Action item: Reproduce the full listing below exactly. Do not include the pictures.

Data segment:
== Segment start ==

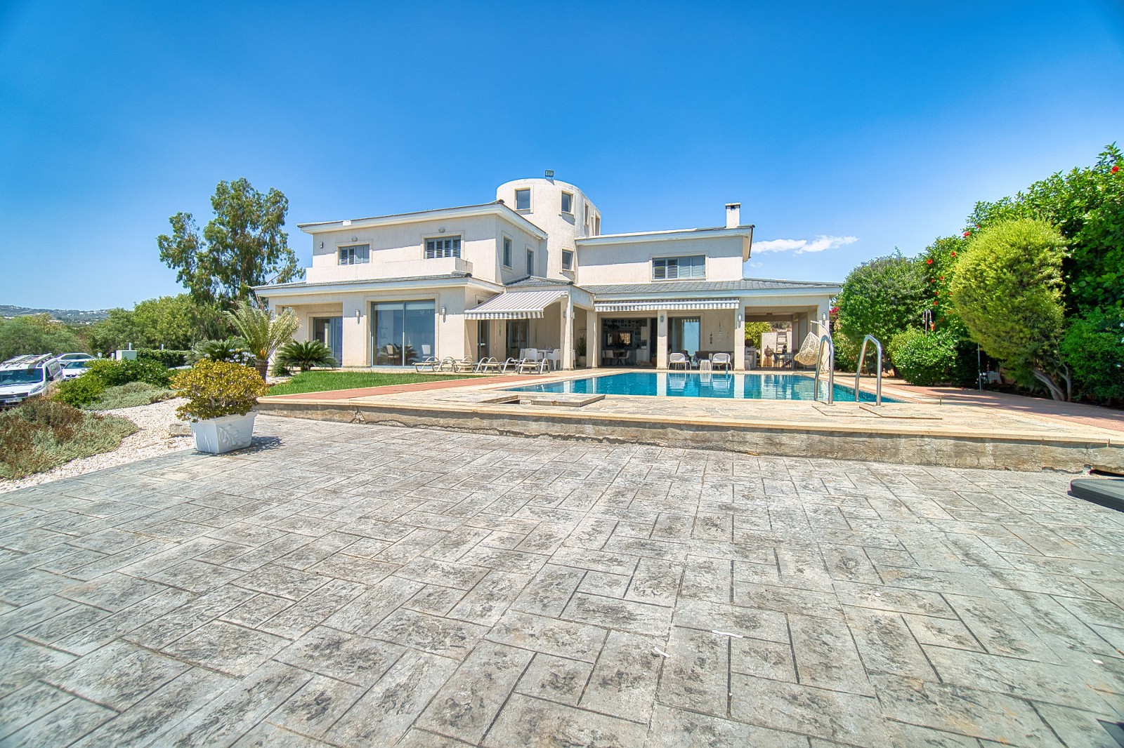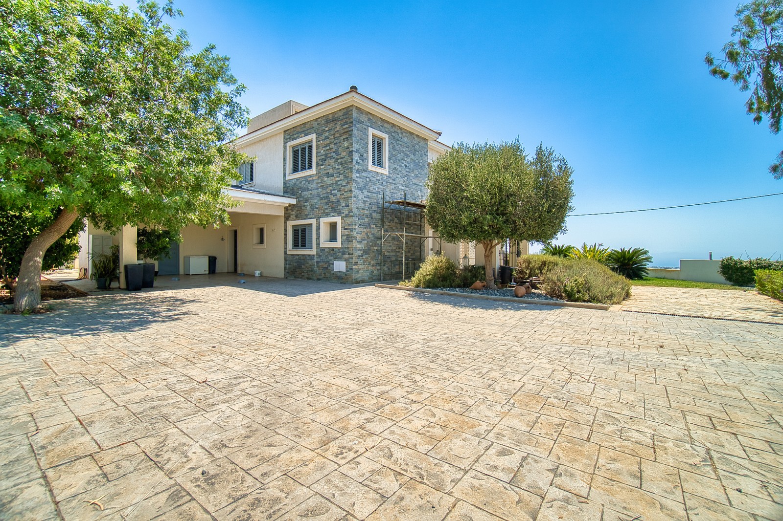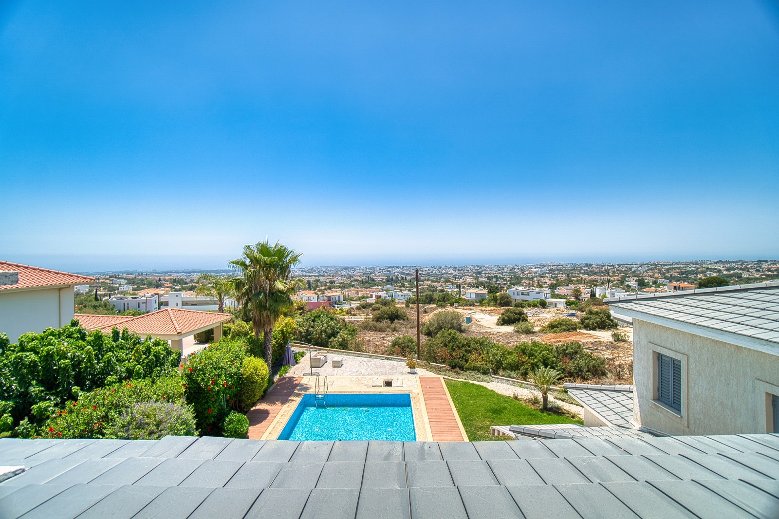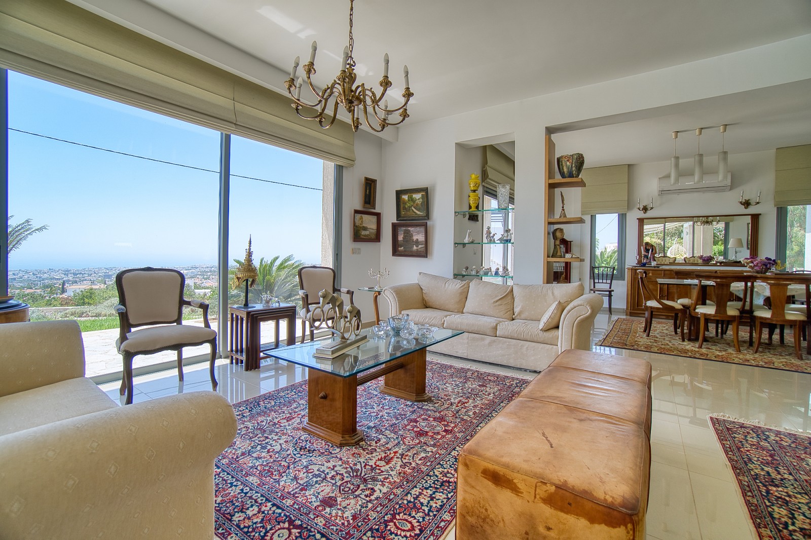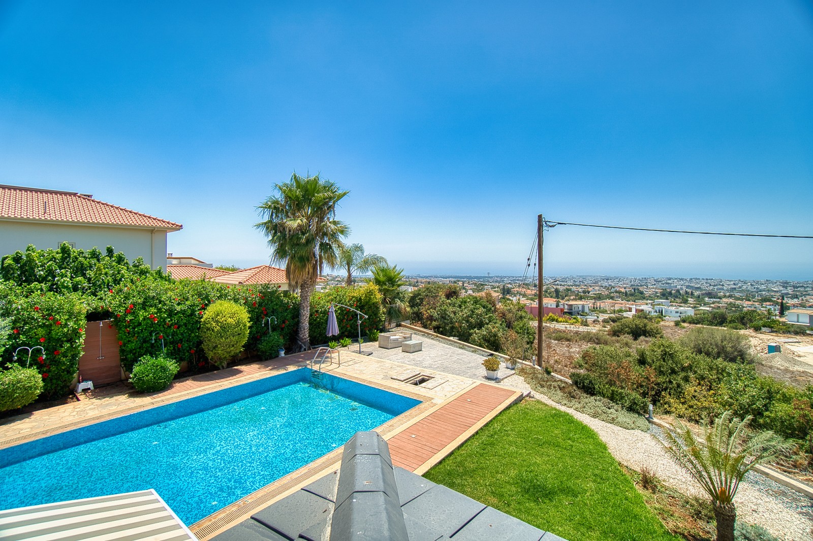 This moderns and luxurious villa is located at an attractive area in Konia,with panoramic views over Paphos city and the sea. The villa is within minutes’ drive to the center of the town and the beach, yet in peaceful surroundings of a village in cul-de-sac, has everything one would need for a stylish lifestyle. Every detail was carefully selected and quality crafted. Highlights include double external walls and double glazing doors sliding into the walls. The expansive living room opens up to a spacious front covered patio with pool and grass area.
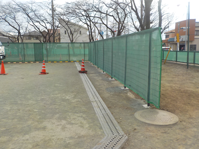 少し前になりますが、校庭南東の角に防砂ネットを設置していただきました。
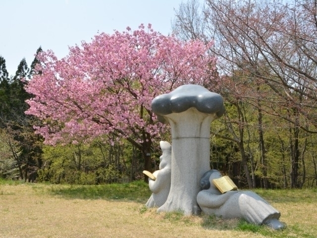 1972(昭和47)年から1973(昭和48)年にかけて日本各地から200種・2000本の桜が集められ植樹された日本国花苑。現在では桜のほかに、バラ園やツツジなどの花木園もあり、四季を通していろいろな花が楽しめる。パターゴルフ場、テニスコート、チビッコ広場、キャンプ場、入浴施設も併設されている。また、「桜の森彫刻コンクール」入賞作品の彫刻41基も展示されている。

== Segment end ==

Solution:
 This moderns and luxurious villa is located at an attractive area in Konia,with panoramic views over Paphos city and the sea. The villa is within minutes’ drive to the center of the town and the beach, yet in peaceful surroundings of a village in cul-de-sac, has everything one would need for a stylish lifestyle. Every detail was carefully selected and quality crafted. Highlights include double external walls and double glazing doors sliding into the walls. The expansive living room opens up to a spacious front covered patio with pool and grass area.
 少し前になりますが、校庭南東の角に防砂ネットを設置していただきました。
 1972(昭和47)年から1973(昭和48)年にかけて日本各地から200種・2000本の桜が集められ植樹された日本国花苑。現在では桜のほかに、バラ園やツツジなどの花木園もあり、四季を通していろいろな花が楽しめる。パターゴルフ場、テニスコート、チビッコ広場、キャンプ場、入浴施設も併設されている。また、「桜の森彫刻コンクール」入賞作品の彫刻41基も展示されている。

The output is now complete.